The commentary is written to convey Buddhist stories alongside factual information. When describing the origin of Feilai Peak, it includes the legend of the Indian monk Huili who recognized the peak as a fragment of Lingjiu Mountain from central India. At the Ji Gong Hall, it recounts how Ji Gong lived at Lingyin Temple and became known for helping ordinary people despite his worn-out shoes and hat.

For cultural elements that overseas visitors may find obscure, the explanations provide plain-language context. The nine-ridge hip roof of the Great Buddha Hall is described as one of the highest forms of ancient Chinese architecture, representing the supreme status of Buddhism. The Medicine Buddha’s medicine pot is explained not as holding physical medicine but as containing “sweet dew that eliminates disaster and prolongs life.” The explanations also remind visitors of temple etiquette, such as stepping with the left foot when entering and the right foot when leaving a hall, and keeping voices low inside.

Six months of results

Since the QR code system was introduced, the average stay time for overseas tourists has increased from 40 minutes to 90 minutes. About 40% of visitors scan the same code multiple times at a single location, particularly at the Feilai Peak statues and the Medicine Buddha Hall. Paper guidebook use has dropped by 80%, and the temple’s waste volume has decreased accordingly. Volunteer workload is down by 30%.

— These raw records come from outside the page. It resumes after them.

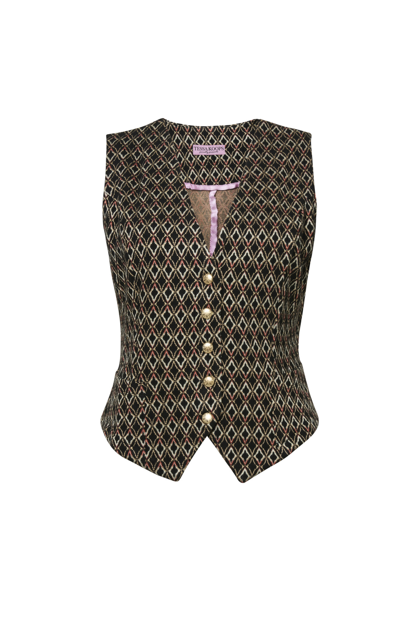 De Denise Calpe Gilet heeft een prachtige print en kleuren combinatie. De gilet heeft 5 zwart knopen aan de voorkant om de gilet dicht te maken en 2 kleine steekzakken aan de onderzijde van de voorkant.
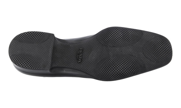 Prada Men's Black Brushed Spazzolato Leather Square Oxford Spray Runway Business Shoes 2EA165
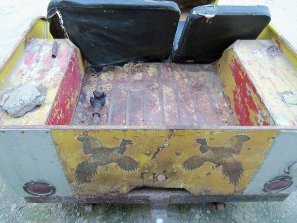 This particular DJ-3A has a number of stock parts, such as the windshield, which appears in good shape, and the Gauze wire filter, which is a hard to find item. The gas linkage and carb are unique to the DJ-3A and are hard items to find. Unfortunately, the underside of the body is rough (perhaps the floor is replaceable).
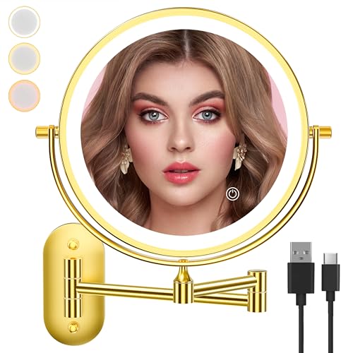 Auxmir Sminkspegel med Uppladdningsbart Ljus, Förstoringsspegel 1X/10X Dubbelsidig 360° Roterande, Utdragbar Badrumsspegel med Touchvägg USB, 3 Färger Justerbar Ljusstyrka, för Hotell, Guld
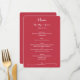 Menu de casamento vermelho personalizado com coração e texto personalizável

The most notable outcome came from a German Buddhist researcher who, after learning about the Twelve Great Vows of the Medicine Buddha through the QR code guide, contacted Lingyin Temple to propose a Sino-German Buddhist cultural exchange project. Master Yongming described it as evidence that Zen can cross languages and borders.

Yingmi is developing AR features that would let visitors scan a code and see reimagined historical views of the statues, as well as support for additional languages including Arabic and Russian. The thinking behind the project is straightforward: the ideas embedded in this 1,600-year-old temple should be accessible to anyone curious enough to look.